Jamie stood barefoot on the scale inside the doctor’s office and nudged the balance bar to the right. She knew without reading the hash marks that she’d lost five pounds overnight. She could almost feel the weight melt away from the back of her legs where her slender thighs met her hips, the part she worked hardest to keep firm by jogging every morning after Alan left for work.
Convinced the scale was never calibrated properly, she stepped down from the base plate and sat on the crinkly white paper stretched across the doctor’s examination table. An otoscope with disposable plastic ear speculums hung on the opposite wall beside a poster on lung disease that warned about the dangers of smoking.
She scooted back on the table and checked her watch. She had errands to run, a house to clean, and dinner to prepare by six. The car needed gas. The bills needed stamps. She needed chemicals for the pool and fabric softener for the washing machine. She had shirts at the dry cleaners and a basket of laundry to fold.
She kept every facet of her life on schedule, right down to the time she ventured outside for the morning paper in the driveway. Her life existed not as Jamie Blanchart but as the wife of Sheriff Alan Blanchart. She loved him for the man who once showered her with attention; who brought her flowers every weekend and worshiped the ground she walked on. But over time, her love had turned to fear. She missed her parents. She missed her friends. Most of all, she missed the Jamie Blanchart she used to know—and cringed at the woman she barely recognized.
A soft knock preceded the doctor’s entrance. “Good morning,” he offered Jamie as he entered the room with her patient file. A third generation dermatologist with four grandchildren and a head of silver hair, he conveyed a warm demeanor.
“Good morning,” Jamie responded with her head down.
“How long has it been since your last exam?” the doctor asked.
“About a year.”
The doctor reviewed her medical history. He noted the loss in weight and the elevated blood pressure readings. “So what brings you here today?”
Jamie nudged her blouse below her shoulder to expose the butterfly tattoo on her back. “I need to get this removed.”
The doctor cleared his throat and sat on the rolling stool. “Go ahead and turn around. I need you to remove your shirt so I can examine the area more closely. You can leave your bra on.”
Jamie lifted her blouse over her head.
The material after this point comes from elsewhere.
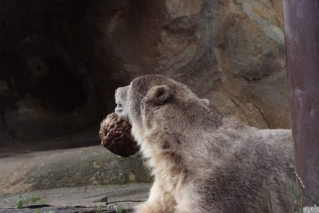 Knut hatte heute wieder einen guten Tag. Die Knutians brachten wieder ein Ladung Leckereien für die Bären und Knut soll begeistert gefuttert haben. Besonders interessant für ihn war eine Kugel aus Naturfasern (Wasserhyazinthe). Er kam immer wieder zu seinem neuen Spielzeug und obwohl er schon ungeheuer müde war, konnte er die Tatzen nicht davon lassen. Die Zähne übrigens auch nicht. Offensichtlich hatten wir den schneeweißen Knut um wenige Minuten verpasst. Nun war er in Tarnfarbe, aber trotzdem süß wie immer.
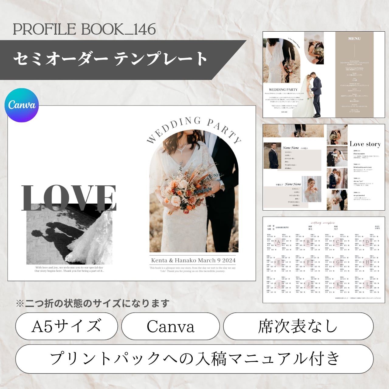 【No.146】セミオーダー_プロフィールブック テンプレート|Canva編集OK・A5サイズ|席次表付き・印刷ガイド付・スマホ対応

Faint bruising along her side marred an otherwise flawless torso.
The doctor noticed the obvious signs of physical abuse, which suggested more about Sheriff Blanchart than he cared to know, especially in a town where the law’s reach extended beyond the boundaries of its own authority.
He pressed on Jamie’s side to assess the condition of the bruising near her ribs. “Does this hurt?”
“A little,” said Jamie, despite the intensity of the pain.
“I’d like to get an X-ray. Just to rule out any fractures.”
“I’m fine. I slipped in the tub and landed funny. It looks worse than it feels.”
“Has this happened before?”
“Are you sure?” the doctor challenged her.
“You should be more careful,” the doctor cautioned. He touched the tattoo. “How long have you had this?”
Jamie felt cold hands on her skin. “What’s your opinion on laser removal?”
“Given the size and location of your tattoo, you would be a good candidate for that procedure. It’s uncomfortable and usually takes several visits to obliterate the pigment. We could freeze the area instead and use a rotary abrasion instrument to remove the image.”
“You mean grind it away?”
“It’s not as harsh as it sounds. I use a local anesthetic to numb the area.” He examined the butterfly wings more closely, noting the mix of colors injected under the skin. “Another option is a surgical excision to remove the image with a scalpel.” He pinched the skin. “I might be able to excise the entire area in one visit.”
“What about scarring?”
“There would be some scarring.”
The doctor removed his gloves. “That depends on the individual person. It varies from patient to patient. Go ahead and put your shirt back on.”
“What do you think I should do?”
“In your case, laser treatment might be the best alternative. It will take a few weeks for the skin to heal, but it’s the least invasive procedure.”
Jamie climbed down from the examination table. Her cell phone vibrated in her purse. “How soon can you schedule me?”
“My receptionist can set that up for you.”
Jamie read Alan’s name from the caller ID. She had two minutes to reply before Alan called again—and got angry. “I have to go.”
The doctor stood in front of her for a moment. “I’d like to schedule you for an x-ray on your ribs. It shouldn’t take long.”
“I’m fine,” said Jamie. “Really. It’s just a bruise.”
“Most likely, but I won’t know for certain without examining the film.”
“I really have to go.”
“What about the next time?”
“I told you,” said Jamie. “It was an accident.”
“Accidents like those have a way of getting progressively worse.”
Jamie reached for the door. “What are you suggesting?”
“Nothing, Mrs. Blanchart. Nothing at all.”